Great Western Minerals Group Ltd.

January 25, 2010 15:34 ET

Great Western Minerals Group Announces Closing of $8 Million Offering Including a Full Exercise of the Over-Allotment Option

SASKATOON, SASKATCHEWAN--(Marketwire - Jan. 25, 2010) -

(NOT FOR DISTRIBUTION TO THE UNITED STATES NEWSWIRE SERVICES OR FOR DISSEMINATION IN THE UNITED STATES)

Great Western Minerals Group Ltd. ("GWMG" or the "Company") (TSX VENTURE:GWG) (PINK SHEETS:GWMGF) is pleased to announce that it has closed its previously announced short form prospectus offering, raising gross proceeds of $8,050,000 for the Company. Pope & Company Limited of Toronto ("Pope & Company") acted as exclusive agent for the Company with respect to the sale of 28,750,000 units ("Units") of GWMG at a price of $0.28 per Unit (the "Unit Offering"). In connection with the Unit Offering, the Company granted Pope & Company an over-allotment option to require GWMG to issue up to an additional 15% of the Units actually sold at the closing of the Unit Offering, which Pope & Company exercised in order to increase the number of Units sold from 25,000,000 to 28,750,000.
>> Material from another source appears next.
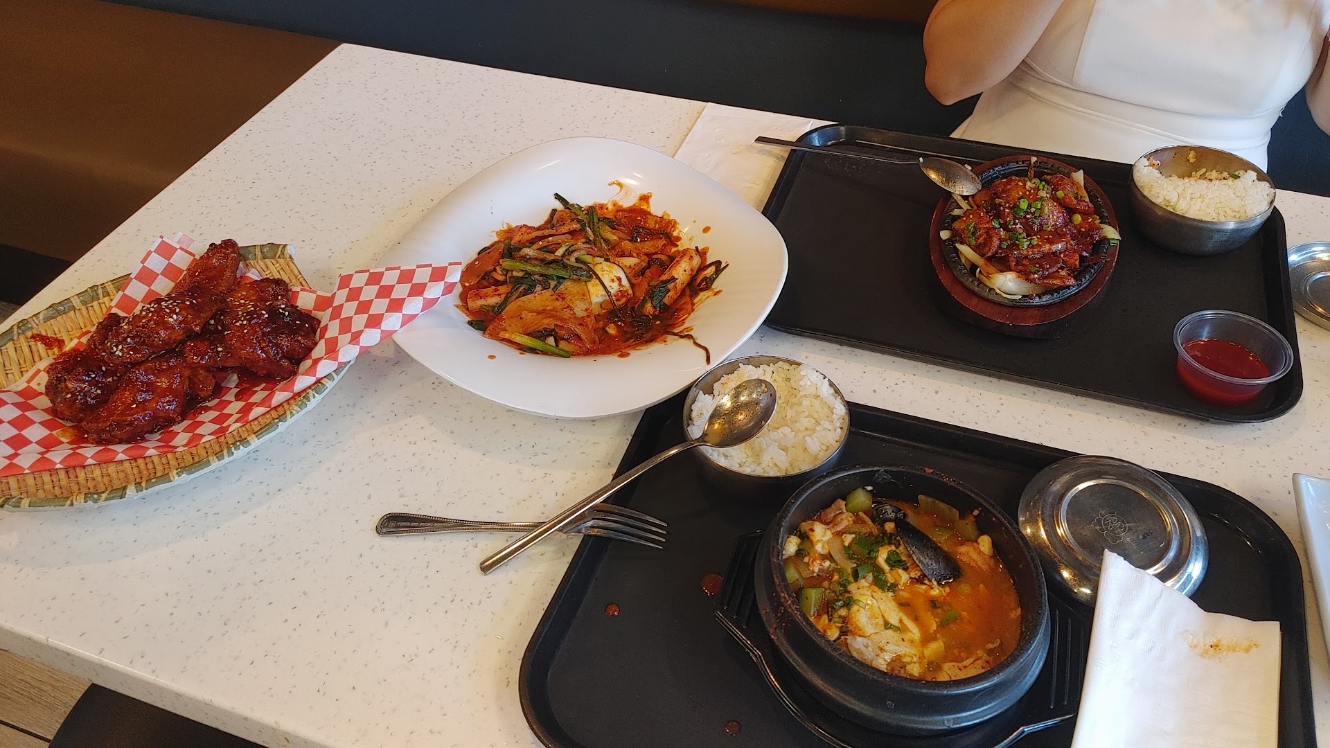 We also ordered Tteokbokki, spicy pork belly, and the sweet and spicy wings, and about 3/4 of the way through our meal we thought about it and said "Not one thing has just been 'okay' or mediocre. Literally all four dishes are delicious." The teokbokki is perfect, just the right level of spiciness and comes with a hard boiled egg. The sweet and spicy wings were crunchy and slathered in sauce on the outside, but hot, tender, and juicy inside. All four dishes came out PIPING hot, which is the best way to eat soon tofu and wings especially. Be forewarned, however, I tried ONE dab of the extra spicy wings and they are brutal, and I can occasionally stomach the 2X Hot Bul Dak ramen.

Each Unit consists of one common share (a "Common Share") of GWMG and one-half of one Common Share purchase warrant (each whole warrant a "Unit Warrant"). Each whole Unit Warrant entitles the holder thereof to purchase one Common Share for a price of $0.50 per Common Share until 4:00 p.m. (Saskatoon time) on January 25, 2015, subject to acceleration of the exercise period in certain circumstances. If following the closing of the Unit Offering, the Company's daily volume weighted average share price is $1.00 or more per common share for ten consecutive trading days on the TSX Venture Exchange (the "TSXV"), or an equivalent stock exchange (the "Accelerating Event"), the exercise period of the Unit Warrants shall be reduced to the date that is sixty days following the Accelerating Event without any further action on the part of the Company or the holder of the Unit Warrants. In the event that the Unit Warrants are not exercised within such period, the Unit Warrants so amended shall be deemed to be expired.

Pope & Company was paid a cash commission of $563,500 in connection with the Unit Offering and received an aggregate of 2,012,500 broker warrants to acquire up to 2,012,500 Common Shares at a price of $0.28 per Common Share until January 25, 2012.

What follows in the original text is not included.